In the particular circumstances of this case, I think that a fair way of resolving the question of costs is that, in respect of all three proceedings, I should order that the defendant have one-third of its costs to be paid by the prosecutor, those costs to be taxed if not agreed. That is a broad-brush way of dealing with the question where in respect of two matters the prosecutor failed, and in respect of a third matter it succeeded; and I have, in a way quite favourable to the prosecution, set off the costs in respect of the two matters in which it failed against the costs of the one matter in which it succeeded.
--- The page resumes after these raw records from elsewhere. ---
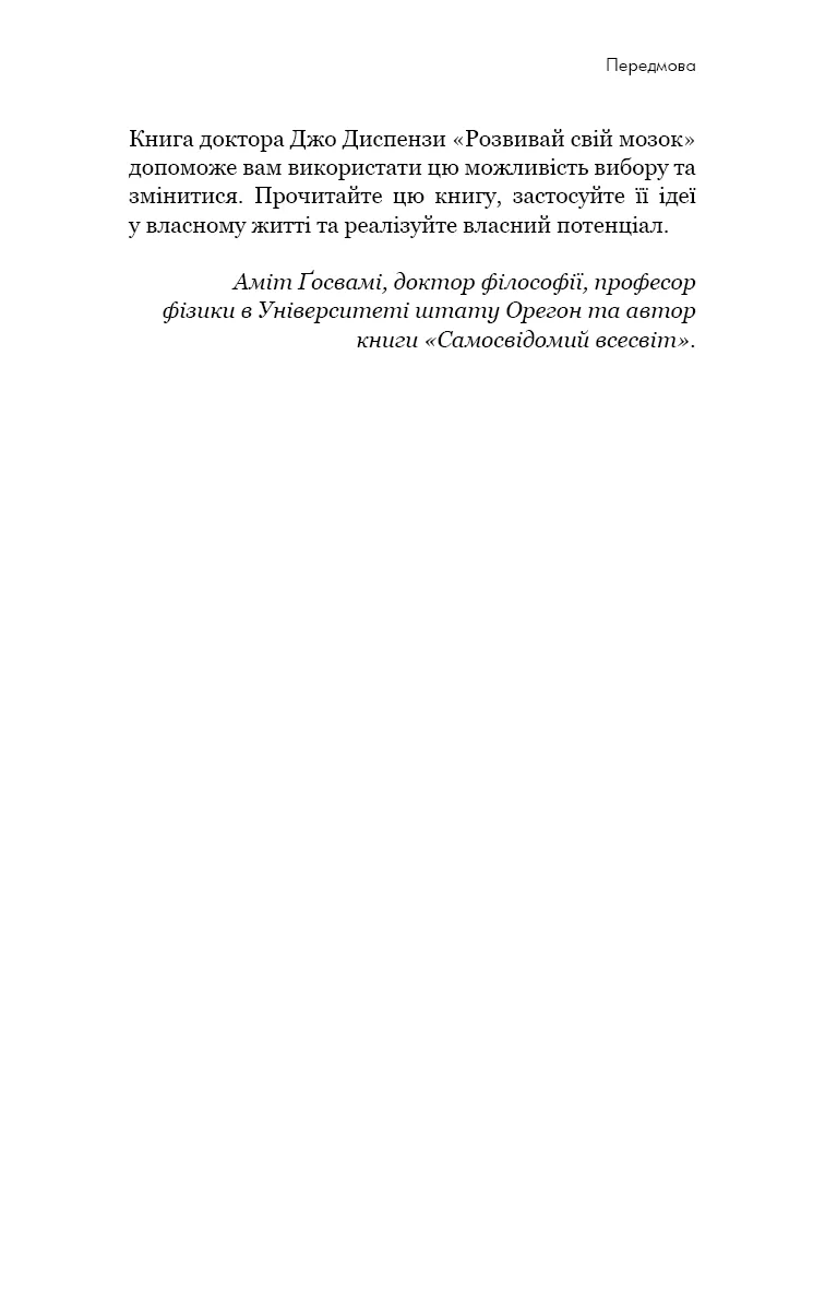 Джо Диспенза — визнаний експерт у галузі нейронаук, хімії мозку й людської свідомості. Він є автором кількох міжнародних бестселерів, виступає з лекціями по всьому світі та допомагає людям будувати життя, засноване на науково обґрунтованому підході до змін.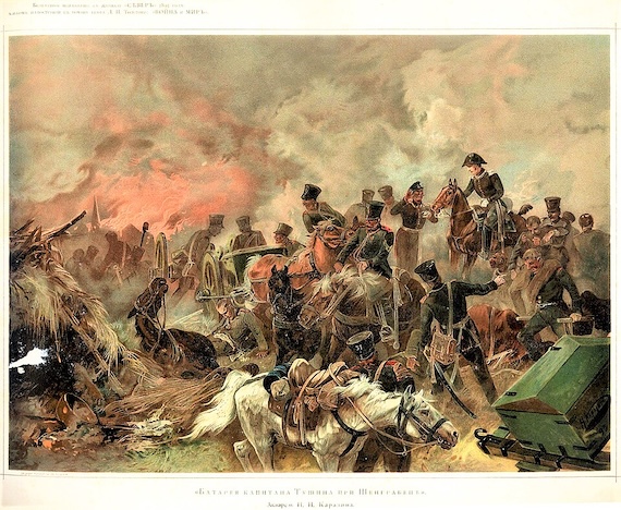 In Leo Tolstoy’s novel War and Peace is description of the artillery battery of fictional Captain Tushin at the Battle of Schöngrabern. 1893, by Nikolay Karazin (1842–1908) Via Wikimedia Commons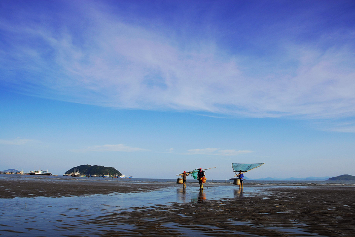 这里以“S”湾和渔船穿梭进出的繁忙景象闻名。海带收获季节,竹杆上挂满晾晒的海带,渔民驾着小船在S形港湾水道上穿梭忙碌,一构成了一幅完美的滩涂风光画。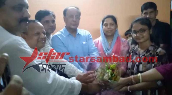 মালদা:– রাজ্যের তিন মন্ত্রী সাবিনা ইয়াসমিন, গোলাম রাব্বানী ও বিপ্লব মিত্র শনিবার সন্ধ্যায় সভাপতি মাধ্যমিক পরীক্ষায় রাজ্যে দ্বিতীয় এবং মেয়েদের মধ্যে প্রথম স্থানানধিকারী কৌশিকী সরকার তার বাড়ি গাজোলে গিয়ে তাঁকে সংবর্ধনা দেন ফুলের তোড়া এবং মিষ্টি মুখ করিয়ে। পাশাপাশি পড়াশোনার বই দিয়ে সংবর্ধনা দেন। তার পরিবারের সাথে কথা বলেন। মাধ্যমিক পরীক্ষায় রাজ্যে দ্বিতীয় ও মেয়েদের মধ্যে প্রথম স্থান অধিকার করেছেন গাজোলের আদর্শ বাণী একাডেমী স্কুলের ছাত্রী কৌশিকী সরকার। তার বাড়ি গাজলের বিধান পল্লী এলাকায়। তার বাবা মিলন সরকার হাইস্কুলের শিক্ষক মা প্রাথমিক বিদ্যালয়ের শিক্ষক। সে রাজ্যে তথা মালদার মুখ উজ্জ্বল করেছে। সে পড়াশোনা করে ডাক্তার হতে চায় সেটা তার ভাল উদ্যোগ। মাননীয় মুখ্যমন্ত্রী মমতা বন্দ্যোপাধ্যায় ছাত্র-ছাত্রীদের জন্য বিভিন্ন উন্নয়নমূলক প্রকল্প চালু করেছেন যাতে ছাত্রছাত্রীরা উচ্চ শিক্ষা লাভ করতে পারেন সর্বসম্মতভাবে সহযোগিতার আশ্বাস দেন।

On the question of penalty to be imposed in respect of the charge on which the prosecution was successful, I have had regard to the observations and the penalties that were imposed in each of the three cases to which I have earlier referred. Having regard to the personal circumstances of Mr Searle and notwithstanding the serious nature of the offence and the deliberate flouting of the provisions of the Copyright Act that the conviction involves, I think, in the circumstances, that I ought to deal, as Shepherd J did in Pontello v Giannotis in proceedings QG189 of 1996, pursuant to s 20 of the Crimes Act 1914, Commonwealth. I order that the defendant be released without sentence being passed upon him, on his entering into a recognizance in the sum of $5000, on condition that he will be of good behaviour for a period of two years from today. I direct that the recognizance be taken before a Registrar of the Court.
In respect of the offence alleged in proceedings QG189 of 1996 and in respect of which I, in my reasons of 23 October 1998, indicated that I was satisfied beyond reasonable doubt, I convict the defendant.